In 2014, pursuant to a share purchase agreement (“SPA”), MasTec Inc (“MasTec”), a company incorporated in Florida, acquired a Canadian company, Pacer Construction Holdings Corporation (“Pacer”), and its related entities from Mr Pelletier, RPHI and various other sellers (“Other Sellers”). It was alleged that Mr Pelletier was the founder and former CEO of Pacer, and also that RPHI owned 47.09% of the shares in Pacer at the time the SPA was entered into, the remaining shares being owned by the Other Sellers. MasTec paid RPHI C$59,296,699.23 for its shares in Pacer.

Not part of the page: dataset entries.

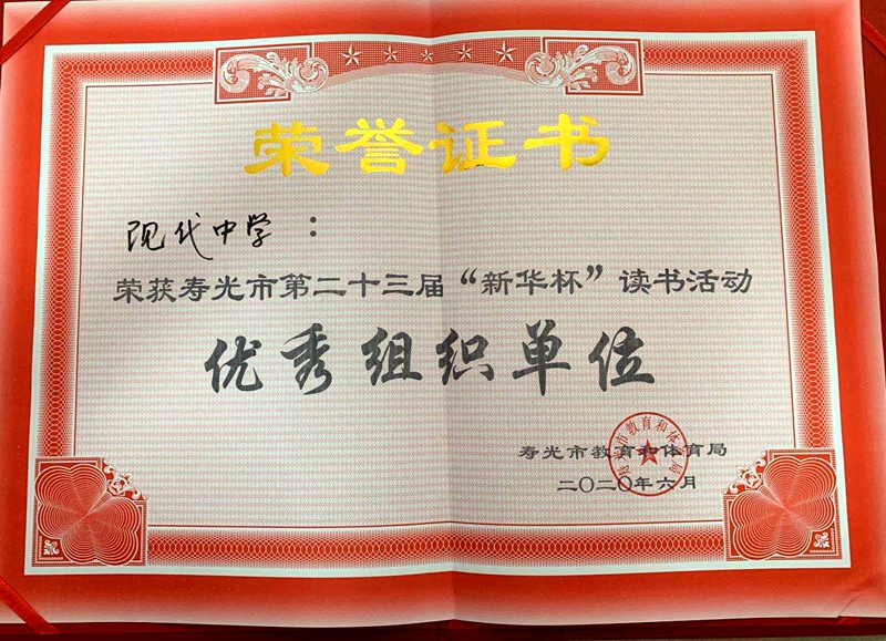 近日,第二十三届“新华杯”假期读书征文活动获奖名单揭晓,寿光现代中学获得“优秀组织奖”,获奖学生和教师人数均居全市普通高中首位。
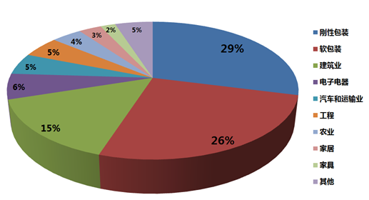 4、包裝行業(yè)是南非塑料主要的應用市場,占比達到55%,其實是建筑業(yè)(15%)。
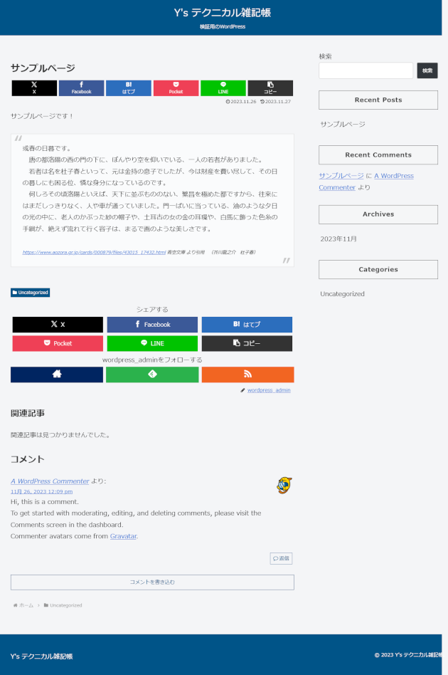 筆者は、X や Facebook をやっていないので、投稿の上部と下部に付いているリンクボタンは不要です。「Hello world!」の投稿をちょっと変更してみた後の、リンクボタンを消す前の画面は次になります。

After completion of the sale of Pacer to MasTec, it became apparent that Mr Pelletier had falsely represented the financial condition of Pacer and its related entities and that the purchase price for Pacer would have to be adjusted downwards substantially from what was provided for in the SPA. In addition, there was a breach of a representation in the SPA made jointly or severally by Mr Pelletier and RPHI, and severally (but not jointly) by the Other Sellers, that certain of Pacer’s related entities would not require or were not reasonably likely to require additional funding from Pacer to maintain their current or planned operations (the “No Additional Funding Representation”). This led to MasTec and Pacer commencing arbitral proceedings against Mr Pelletier RPHI and the Other Sellers in 2016.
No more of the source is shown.